Here’s how the corruption of this high-minded system takes place.

The employers and their agents – intermediaries such as Infosys Limited – import workers from abroad.  The agent contracts with an onshore employer, who pays significantly lower wages through the agent to the H-1B worker.  The ultimate employer, for example The Walt Disney Company, then requires its existing employees to train their own replacements.  Failure to comply results in the American employees losing their severance pay.

This sounds like overt discrimination.  Surely it is the basis for a lawsuit.

Yes, it is, and it was. And several lawsuits have been brought against companies such as Disney and Google, which recently agreed to a settlement without admitting guilt in a class action suit brought by former employees claiming age discrimination.  Sadly, the plaintiffs in the Disney suit lost because Disney was not held responsible.  The guilty party was the intermediary agent who hired the workers and contracted to provide them to Disney.  The workers were left out in the cold!

Far from improving the lives of Americans, these visas have caused great harm to our country in the loss of citizen’s wages and taxes. The lost wages by American IT workers who lost their jobs in 2018 due to the H-1B program is estimated to be in excess of 9.8 billion dollars.

They can also be said to erode our knowledge base of Americans with technical training and skills.  The suppression of wages in these fields is a disincentive to our young people looking forward to a secure, well-paid career.

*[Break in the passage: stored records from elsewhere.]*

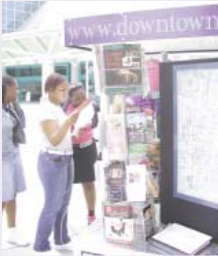
Downtown visitors at the new DCBID kiosk

The DCBID has purchased two new kiosks that are used to distribute brochures, maps and coupons from Downtown businesses including the Music Center, MOCA, Ciudad, St. Vincent Jewelry Center, Omni Hotel and many others.
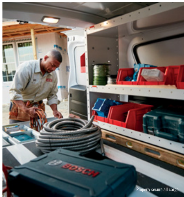
Properly secure all cargo.
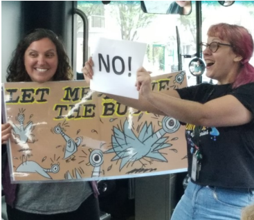
Rolling Storytime with the library.

This situation developed over time.  Job candidates’ visa applications are either presented to USCIS by a petitioning employer or, most often, by the prospective employer’s agent.  These individuals are represented by their prospective employer as having unique knowledge in a specialized field.  The duration of stay on an H-1B visa is three years extendable to six years; with the exception of visa holders in the field of academics.  All others need to reapply after six years.

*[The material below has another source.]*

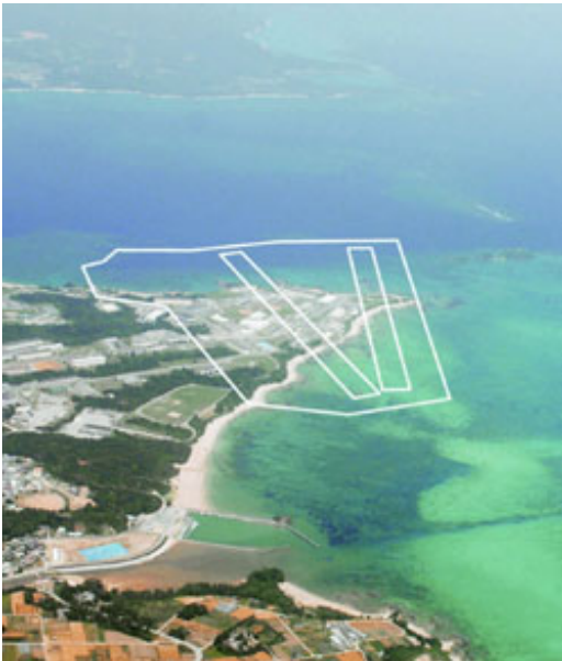
US plans for the Henoko Base runway

Recently, instead of seeking the informed consent that a democratic society demands, governments have sought instead to gain formal consent, by fiscal manipulation that combines incentives and threats. It is a stratagem developed over the past decade by the bureaucrats at the helm of the nation state to impose their base project on Nago City. Since Nago opposition to the new Henoko Base was plain, and the formal consent of local self-governing bodies was necessary, money was poured in to secure it under the 10 year, 10 billion yen per year, "Northern Districts Development" policy adopted in 1999.

The stated purpose of the Immigration Act was to change the level and preference system for admission of immigrants to the USA and to provide for administrative naturalization.  The law raised annual limits on immigration to the USA, revised visa category limits to increase skilled labor immigration, and expand and revise the grounds for removal and inadmissibility.

The Immigration Act of 1990 also created the infamous “Diversity visa” also known as the “Lottery Visa” under which numerous terrorists have entered the United States.  The law also established four new categories of nonimmigrant visas: The H2A, H2B, H4B and The Temporary Protected Status (TPS).

The battle to amplify the abuses of this law is now in Congress.  Senate Bill S.368, “The Fairness for High-Skilled Immigrants Act of 2019,” will remove the country caps on foreign workers in the U.S.  It may come to the floor as soon as this month.

Write, call, or email your Senators to oppose Senate Bill S.368.  It would exacerbate the employment crisis among technical, scientific, and academic Americans, damage our economy, and potentially undermine national security.